Repeat exactly the lines of the entries below from the one with "Growth performance and" through the one with "10月24日金曜日の朝ごはん ☆ひじき煮 ☆海老ときのこブロッコリーのオイスターソース炒め", both ends included, and nothing else.

## Data for review
+ + + + +
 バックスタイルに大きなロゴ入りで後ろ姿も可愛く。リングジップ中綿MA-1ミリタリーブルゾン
+ + + + +
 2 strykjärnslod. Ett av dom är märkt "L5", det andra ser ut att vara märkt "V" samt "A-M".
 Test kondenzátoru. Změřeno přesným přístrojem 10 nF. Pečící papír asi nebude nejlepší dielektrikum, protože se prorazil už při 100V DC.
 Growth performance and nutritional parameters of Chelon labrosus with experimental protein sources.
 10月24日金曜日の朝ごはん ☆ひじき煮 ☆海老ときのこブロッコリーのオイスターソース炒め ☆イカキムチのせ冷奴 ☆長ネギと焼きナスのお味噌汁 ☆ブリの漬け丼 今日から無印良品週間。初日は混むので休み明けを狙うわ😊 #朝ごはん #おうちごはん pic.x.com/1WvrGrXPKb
+ + + + +
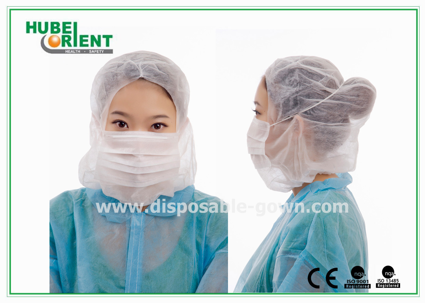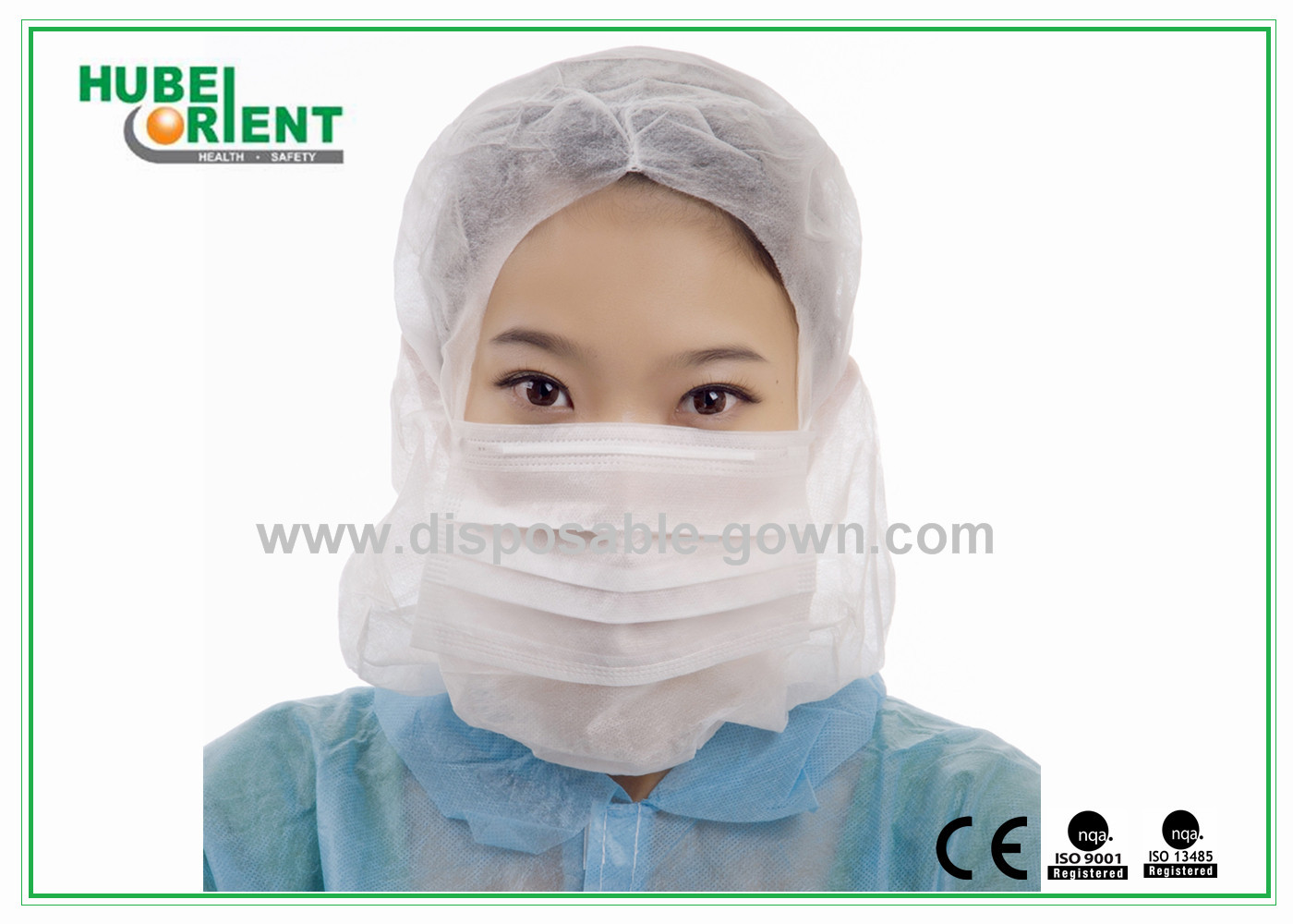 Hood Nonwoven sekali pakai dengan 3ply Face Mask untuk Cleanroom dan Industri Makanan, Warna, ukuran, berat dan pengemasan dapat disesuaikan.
+ + + + +
## Response
 Growth performance and nutritional parameters of Chelon labrosus with experimental protein sources.
 10月24日金曜日の朝ごはん ☆ひじき煮 ☆海老ときのこブロッコリーのオイスターソース炒め ☆イカキムチのせ冷奴 ☆長ネギと焼きナスのお味噌汁 ☆ブリの漬け丼 今日から無印良品週間。初日は混むので休み明けを狙うわ😊 #朝ごはん #おうちごはん pic.x.com/1WvrGrXPKb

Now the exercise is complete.